Stuent’s beliefs about the nature of knowledge have important concequences and critical thinking. Beliefs about the origin and nature of knowledge, or epistemological beliefs have been of interest since the Greek Philosophers. One of the earliest educators to investigate this phenomenon was Perry (1970). In the early stages, students adopt what Perry refers to as a dualist perspective, in which knowledge is viewed as either righ or wrong. Then Ryan (1984) provided an experimental test of Perry’s basic framework and concluded that relatibists not only hold different beliefs from dualists but also approach learning in a more sophisticated way.

Then Schommer’s study suggests that people hold extremely complex belief about knowledge that very across four separate dimensions.

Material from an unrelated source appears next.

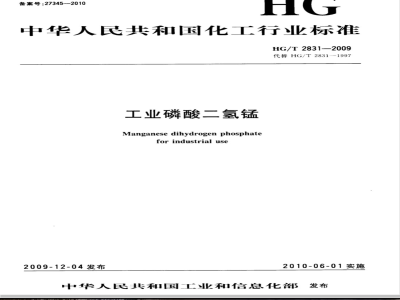 本标准代替HG/T2831一1997《工业磷酸二氢锰》。本标准与HG/T2831-1997《工业磷酸二氢锰》的主要技术差异如下:HG/T2831—2009
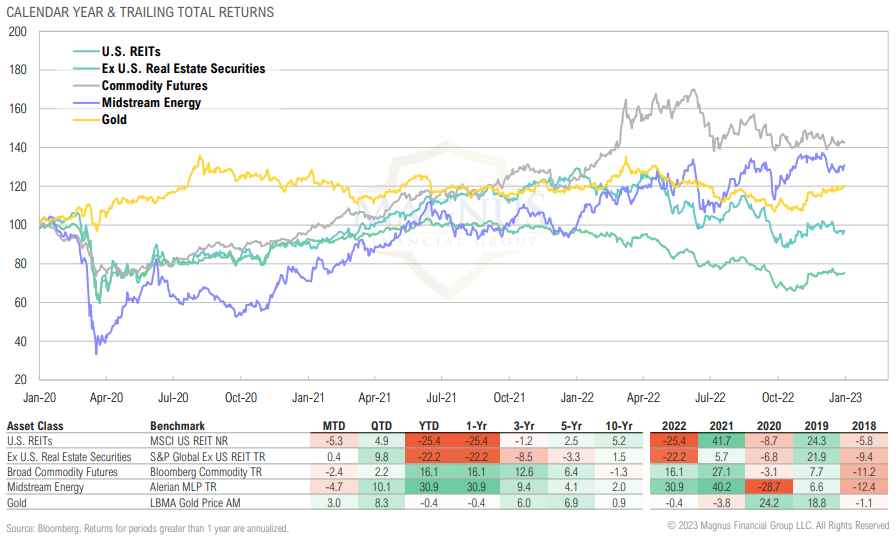 Broad commodity futures and midstream energy were among the top performing real assets over 2022, while both U.S. and global REITs ended the year in bear market territory

The first dimension, simple knowledge, refer to the belief that knowledge is discrete and unambigous. The second dimension, certain knowledge, pertains to the belief that knowledge is constant. The third dimension is fixed ability, that is the belief that one’s ability to learn is inborn and cannot be improved through either effort or strategy use. The final dimension, quick learning, refer to the belief that learning occurs quickly or not at all.

The amount of higher education that students receive is inversely related to their belief in certain knowledge. One important implication of this finding is that better educated people may be more willing to adopt a constructivist approach to learning because believing that knowledge is certain should rarely lead one to question the legitimacy of that knowledge. Another interesting finding is that females are more likely to believe that learning is gradual rather than quick. This belief may lead females to stick with a difficult to learn aubject longer than males and to feel less frustrated when an answer does not occur immediatelly.

An analysis of the relationship between beliefs about knowledge and information processing strategies showed that quick learning predicted oversimplified conclusions when students were asked to provide a written conclusion to a chapter on theories of aggression. Prior knowledge  also was related to the type of conclusions students drew in that more knowledge about the topic was associated with broaded conclusions.

Jehng, Johnson, and Andreson (1993) found that epistemological beliefs differ across academic disciplines among college undergraduate and graduate students. Students in soft disciplines, such as the humanities, were more likely to believe that knowledge is uncertain than studemts in hard disciplines, such as physics. Compared with undergraduates, graduate students were more likely to believe that knowledge is uncertain and develops incrementally (they did not believe in quick learning). Bundixen, Schraw, and Dunkle (1998) founs that epistemological beliefs were related to moral reasoning among adults. Kuhn and colleagues found that epistemological beliefs are related to one’s ability to argue persuasively. In this study, individuals were classified as an absolutist (one who believes that knowledge is absolutely right or wrong), a multiplist (one who believes that knowledge is completely relative), or an evaluative theorist (one who believes that knowledge, though relative, is constrained by situational factors such as commonly accepted rules) on the basis of their beliefs about the certainty of knowledge.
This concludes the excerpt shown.